#### [INFORMATION SHOWN]
+ + + + +
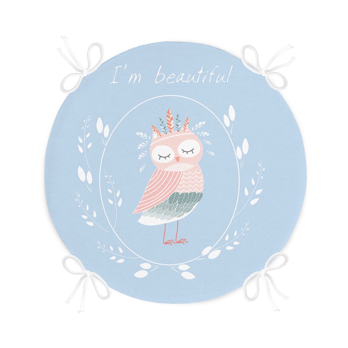 Mavi Zeminli Sevimli Baykuş Motifli Özel Tasarımlı Dijital Baskılı Çocuk Odası Yuvarlak Fermuarlı Sandalye Minderi
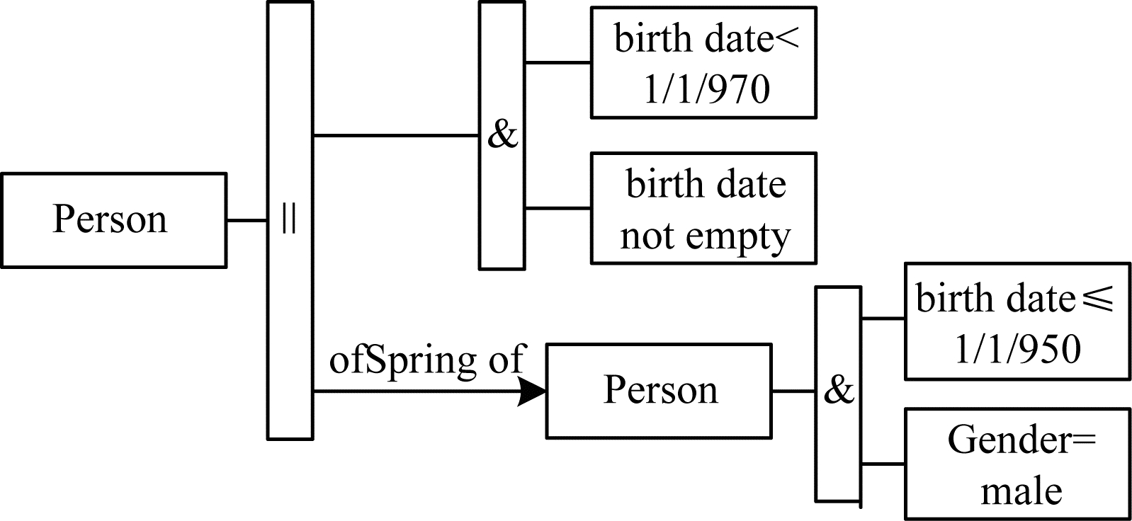 在针对属性图的图模式匹配方面, 文献[34]提出了属性图上的可视化查询语言V1, 值得注意的是, V1并不与某一种特定的属性图查询语言进行绑定, 如图 7所示, 其通过矩形和线段的组合来表示属性图上的基本图模式, 利用不同的颜色区分节点的类别。由于不基于任意一种图查询语言, 因此V1的语法中不包含“AND”等运算符, 而是采用算术与逻辑运算符“&”“‖”“×”等。文献[34]以奇幻小说《冰与火之歌》为知识背景详细地介绍了V1丰富的表达能力, 由于笔者还未了解到有基于V1的可视化查询系统, 因此目前其对于用户的可学习性和可读性仍未知。文献[35]对属性图上的查询语言进行了性能测试, 包括Cypher、Gremlin等。
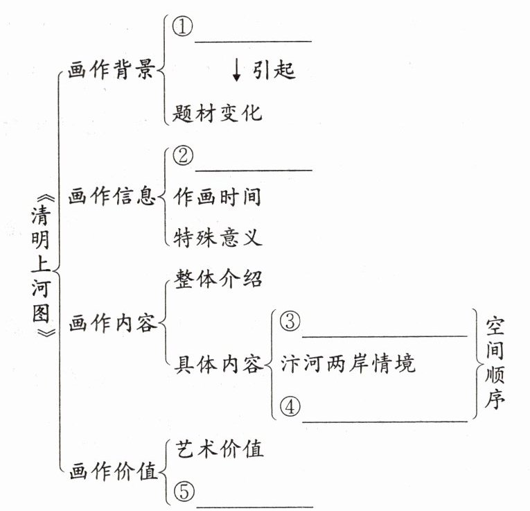 ①商业繁荣 ②介绍作者 ③汴京近郊风光 ④汴梁市区街道 ⑤历史价值
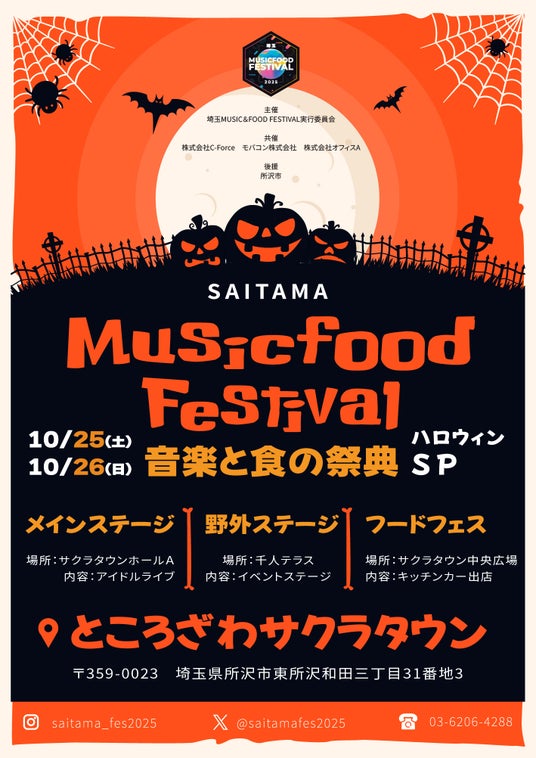 FoodFes株式会社(代表取締役社長:稲垣一馬)は、2025年10月25日(土)、10月26日(日)に埼玉県所沢市で開催される「【音楽と食の祭典】埼玉MUSIC&FOOD FESTIVAL ハロウィンSP」にてフードエリアプロデュースを担当します。
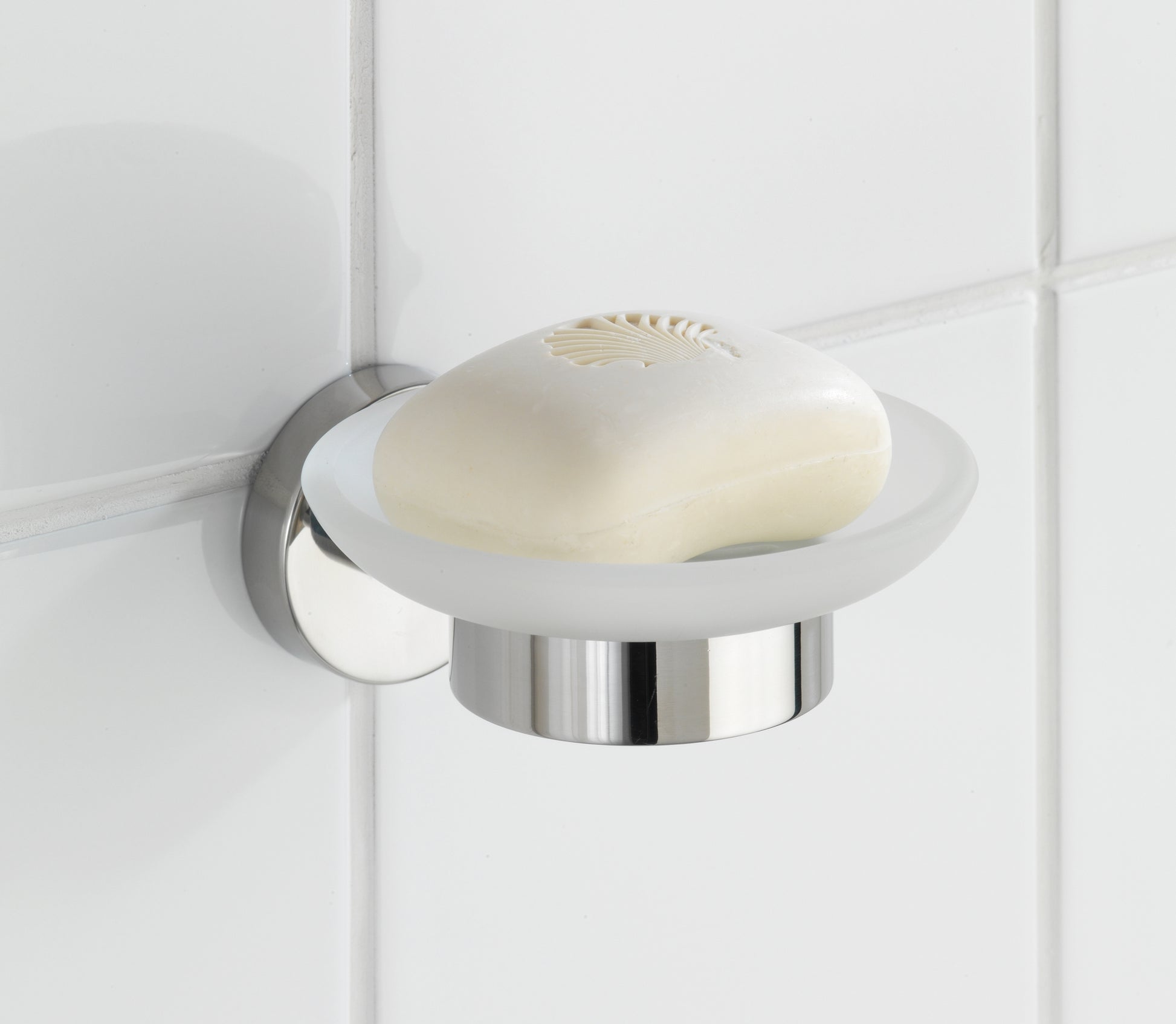 Die hochwertige, runde Seifenablage aus der Bad-Serie Bosio eignet sich ideal zur Aufbewahrung von Handseife. Die schöne Ablage ist mit einer abnehmbaren, satinierten Glasschale ausgestattet. Eventuelle Flüssigkeit wird aufgefangen und die Seife bleibt ansehnlich und griffbereit in der Schale. Die elegante Ablage ist aus rostfreiem, glänzendem Edelstahl gefertigt. Schrauben und Dübel zur Wandbefestigung sind im Lieferumfang enthalten. Alternativ ist auch eine Befestigung ohne bohren möglich. Separat erhältlich ist das Power-Loc Klebe-Set (21578100). Das Power-Loc Kammer-Klebesystem zeichnet sich durch extrem festen Halt auf allen tragfähigen Oberflächen, z.B. Fliesen, Naturstein, Glas, Beton, Metall, Holz und vielen Kunststoffen aus. Das Befestigungssystem hält problemlos auch auf rauen und leicht unebenen Oberflächen.
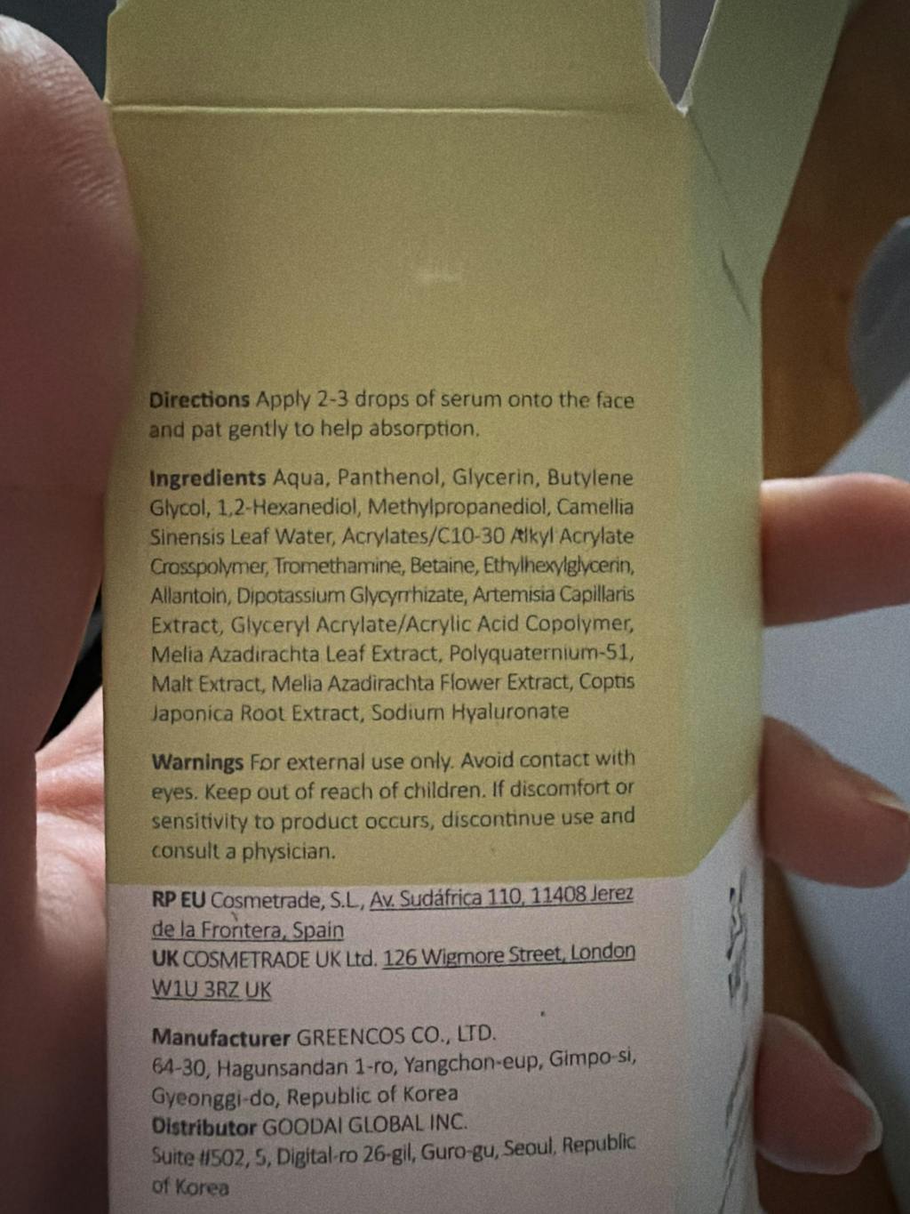 Ingredients is a bit other. It has less amount of green tea and mugwort inside and more water, panthenol and butylene glycol. Maybe it can works for somebody who hasn’t red cheeks, which should be calm down. For me Kaine cremes works better. May be other web stores have the Produkt with the better ingredients. The ingredients list should be listed from more to less and under 1% can be everywhere.
+ + + + +
Exclude the pictures, then retype every record exactly.

 Mavi Zeminli Sevimli Baykuş Motifli Özel Tasarımlı Dijital Baskılı Çocuk Odası Yuvarlak Fermuarlı Sandalye Minderi
 在针对属性图的图模式匹配方面, 文献[34]提出了属性图上的可视化查询语言V1, 值得注意的是, V1并不与某一种特定的属性图查询语言进行绑定, 如图 7所示, 其通过矩形和线段的组合来表示属性图上的基本图模式, 利用不同的颜色区分节点的类别。由于不基于任意一种图查询语言, 因此V1的语法中不包含“AND”等运算符, 而是采用算术与逻辑运算符“&”“‖”“×”等。文献[34]以奇幻小说《冰与火之歌》为知识背景详细地介绍了V1丰富的表达能力, 由于笔者还未了解到有基于V1的可视化查询系统, 因此目前其对于用户的可学习性和可读性仍未知。文献[35]对属性图上的查询语言进行了性能测试, 包括Cypher、Gremlin等。
 ①商业繁荣 ②介绍作者 ③汴京近郊风光 ④汴梁市区街道 ⑤历史价值
 FoodFes株式会社(代表取締役社長:稲垣一馬)は、2025年10月25日(土)、10月26日(日)に埼玉県所沢市で開催される「【音楽と食の祭典】埼玉MUSIC&FOOD FESTIVAL ハロウィンSP」にてフードエリアプロデュースを担当します。
 Die hochwertige, runde Seifenablage aus der Bad-Serie Bosio eignet sich ideal zur Aufbewahrung von Handseife. Die schöne Ablage ist mit einer abnehmbaren, satinierten Glasschale ausgestattet. Eventuelle Flüssigkeit wird aufgefangen und die Seife bleibt ansehnlich und griffbereit in der Schale. Die elegante Ablage ist aus rostfreiem, glänzendem Edelstahl gefertigt. Schrauben und Dübel zur Wandbefestigung sind im Lieferumfang enthalten. Alternativ ist auch eine Befestigung ohne bohren möglich. Separat erhältlich ist das Power-Loc Klebe-Set (21578100). Das Power-Loc Kammer-Klebesystem zeichnet sich durch extrem festen Halt auf allen tragfähigen Oberflächen, z.B. Fliesen, Naturstein, Glas, Beton, Metall, Holz und vielen Kunststoffen aus. Das Befestigungssystem hält problemlos auch auf rauen und leicht unebenen Oberflächen.
 Ingredients is a bit other. It has less amount of green tea and mugwort inside and more water, panthenol and butylene glycol. Maybe it can works for somebody who hasn’t red cheeks, which should be calm down. For me Kaine cremes works better. May be other web stores have the Produkt with the better ingredients. The ingredients list should be listed from more to less and under 1% can be everywhere.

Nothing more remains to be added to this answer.